§ **What the task asks**
Leave out every picture and set down, exactly, the lines below from the one holding "Квартира знаходиться на" up to and including the one holding "Nordwand sieht super".

§ **Records shown**

------------------------------------------------------------------------

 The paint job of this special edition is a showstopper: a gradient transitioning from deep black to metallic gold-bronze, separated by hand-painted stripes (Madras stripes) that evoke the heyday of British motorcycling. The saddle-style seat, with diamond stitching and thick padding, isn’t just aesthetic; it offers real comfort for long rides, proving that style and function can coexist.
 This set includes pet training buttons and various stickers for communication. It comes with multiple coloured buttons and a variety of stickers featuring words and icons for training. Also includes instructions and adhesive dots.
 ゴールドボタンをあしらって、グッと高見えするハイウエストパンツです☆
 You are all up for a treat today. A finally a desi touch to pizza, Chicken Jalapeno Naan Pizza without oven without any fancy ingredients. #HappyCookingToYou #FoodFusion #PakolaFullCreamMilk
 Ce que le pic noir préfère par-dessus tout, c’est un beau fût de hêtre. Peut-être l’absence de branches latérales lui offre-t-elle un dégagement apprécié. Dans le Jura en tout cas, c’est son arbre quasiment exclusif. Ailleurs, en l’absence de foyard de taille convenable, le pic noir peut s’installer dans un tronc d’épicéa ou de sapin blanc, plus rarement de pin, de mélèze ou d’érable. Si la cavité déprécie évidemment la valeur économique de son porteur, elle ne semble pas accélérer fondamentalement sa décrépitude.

------------------------------------------------------------------------

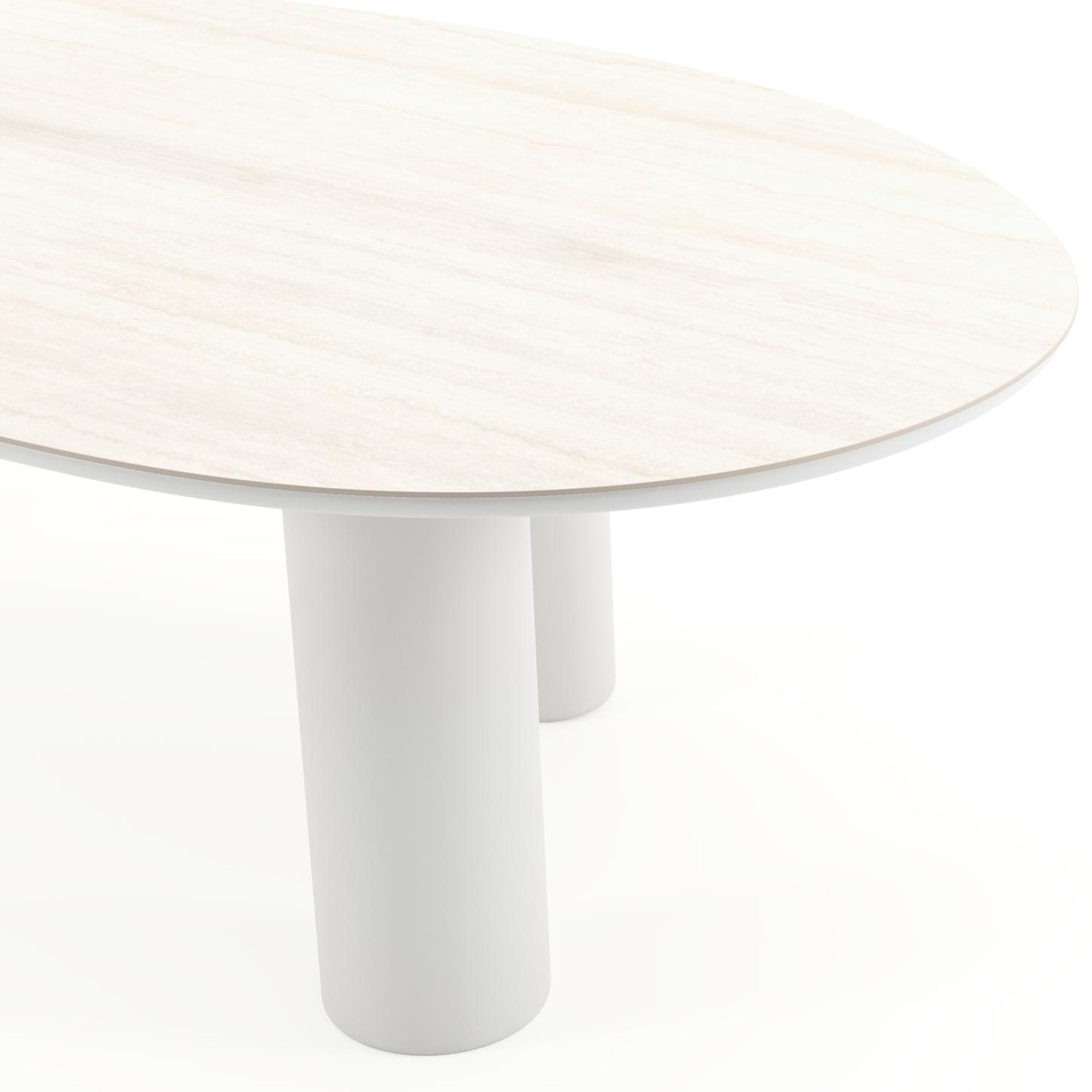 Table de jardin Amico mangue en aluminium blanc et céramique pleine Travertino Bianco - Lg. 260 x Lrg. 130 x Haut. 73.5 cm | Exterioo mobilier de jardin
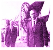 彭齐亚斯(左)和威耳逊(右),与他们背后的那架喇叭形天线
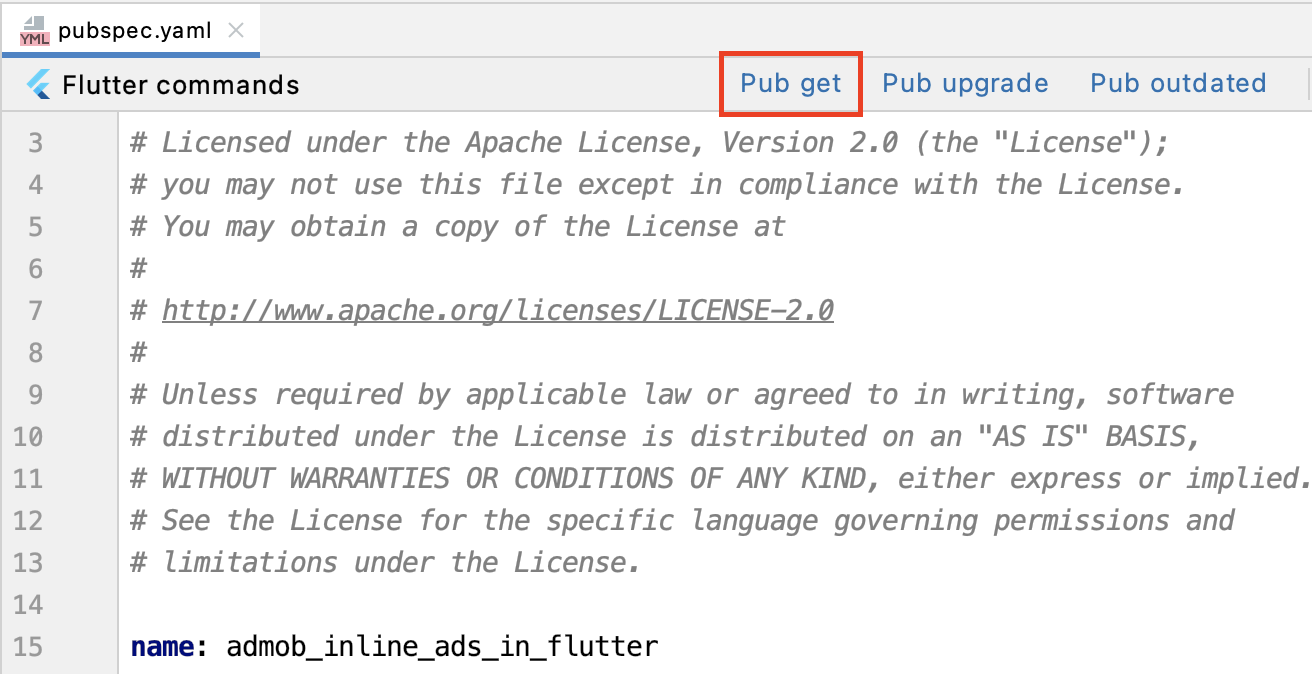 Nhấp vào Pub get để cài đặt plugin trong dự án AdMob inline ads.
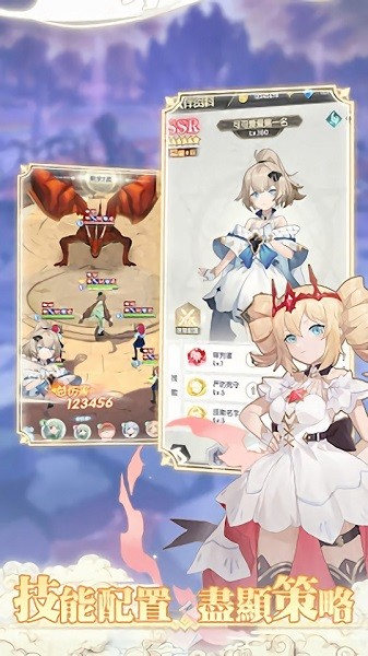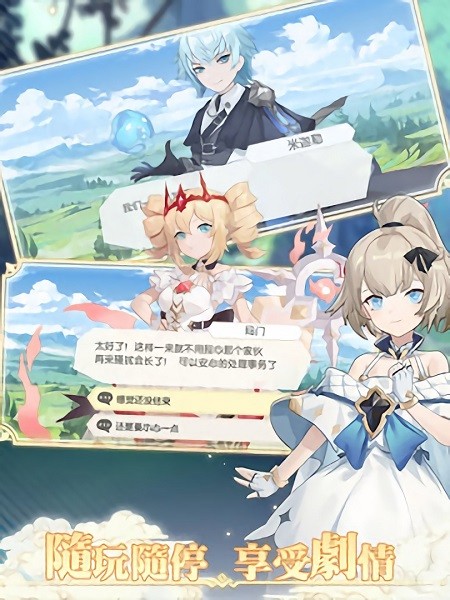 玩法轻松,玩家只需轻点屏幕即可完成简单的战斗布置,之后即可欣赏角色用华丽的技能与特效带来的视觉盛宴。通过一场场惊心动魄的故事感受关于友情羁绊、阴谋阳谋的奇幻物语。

------------------------------------------------------------------------

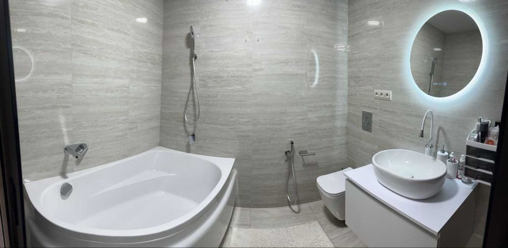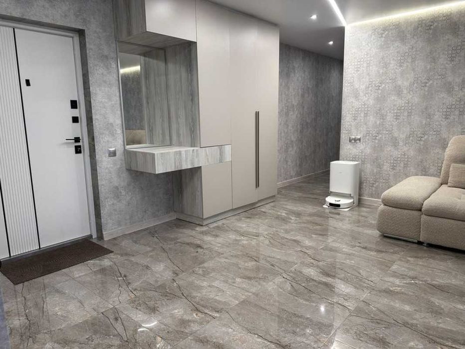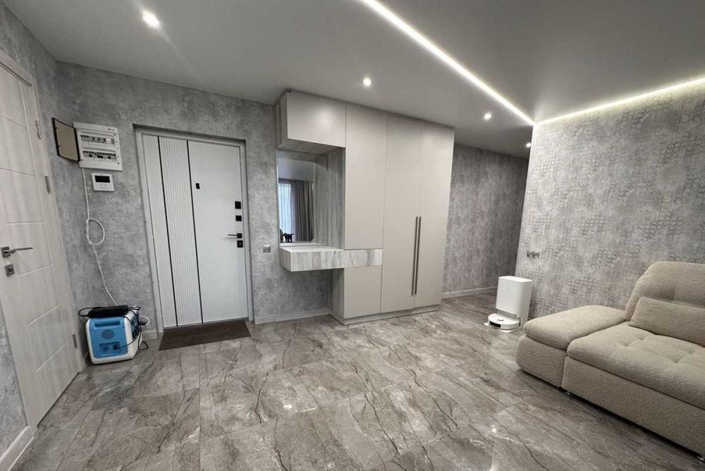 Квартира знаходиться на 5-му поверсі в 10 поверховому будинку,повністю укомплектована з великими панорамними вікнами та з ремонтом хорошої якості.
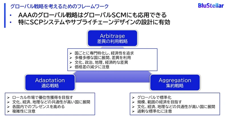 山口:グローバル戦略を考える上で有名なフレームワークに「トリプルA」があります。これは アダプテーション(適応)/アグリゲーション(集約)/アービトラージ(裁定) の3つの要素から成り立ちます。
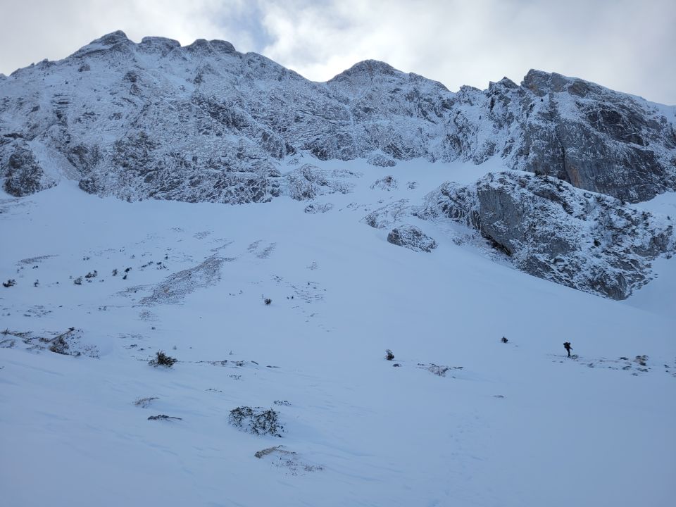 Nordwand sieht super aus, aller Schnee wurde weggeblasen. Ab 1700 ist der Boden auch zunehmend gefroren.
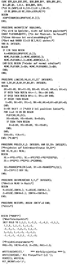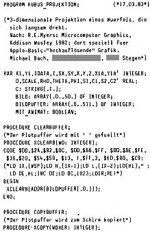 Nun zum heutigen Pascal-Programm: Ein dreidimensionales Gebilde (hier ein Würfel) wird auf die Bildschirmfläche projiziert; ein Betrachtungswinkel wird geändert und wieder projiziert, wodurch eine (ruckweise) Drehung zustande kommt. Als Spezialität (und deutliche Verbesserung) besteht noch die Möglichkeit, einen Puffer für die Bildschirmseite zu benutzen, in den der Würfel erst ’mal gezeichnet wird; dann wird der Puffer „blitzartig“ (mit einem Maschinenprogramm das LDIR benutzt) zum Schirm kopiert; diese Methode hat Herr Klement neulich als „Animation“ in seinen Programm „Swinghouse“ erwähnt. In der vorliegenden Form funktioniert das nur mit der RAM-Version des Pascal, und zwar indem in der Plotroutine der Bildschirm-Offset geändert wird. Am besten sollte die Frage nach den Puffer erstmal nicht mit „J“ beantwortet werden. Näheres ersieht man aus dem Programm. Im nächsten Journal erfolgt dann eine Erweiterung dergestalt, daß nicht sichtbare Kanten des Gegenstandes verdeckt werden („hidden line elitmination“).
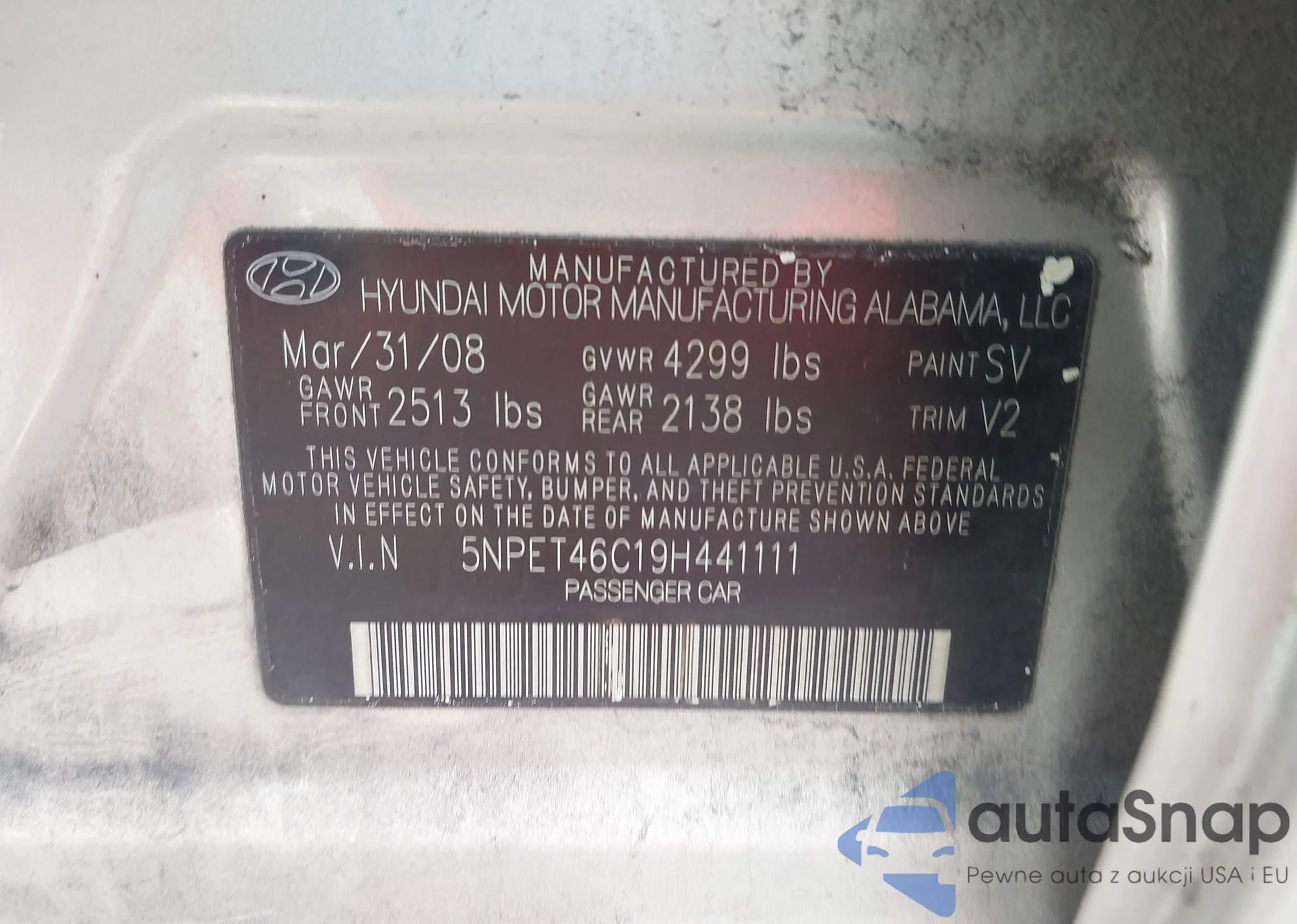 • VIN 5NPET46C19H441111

------------------------------------------------------------------------

§ **Solution to this task**
 Квартира знаходиться на 5-му поверсі в 10 поверховому будинку,повністю укомплектована з великими панорамними вікнами та з ремонтом хорошої якості.
 山口:グローバル戦略を考える上で有名なフレームワークに「トリプルA」があります。これは アダプテーション(適応)/アグリゲーション(集約)/アービトラージ(裁定) の3つの要素から成り立ちます。
 Nordwand sieht super aus, aller Schnee wurde weggeblasen. Ab 1700 ist der Boden auch zunehmend gefroren.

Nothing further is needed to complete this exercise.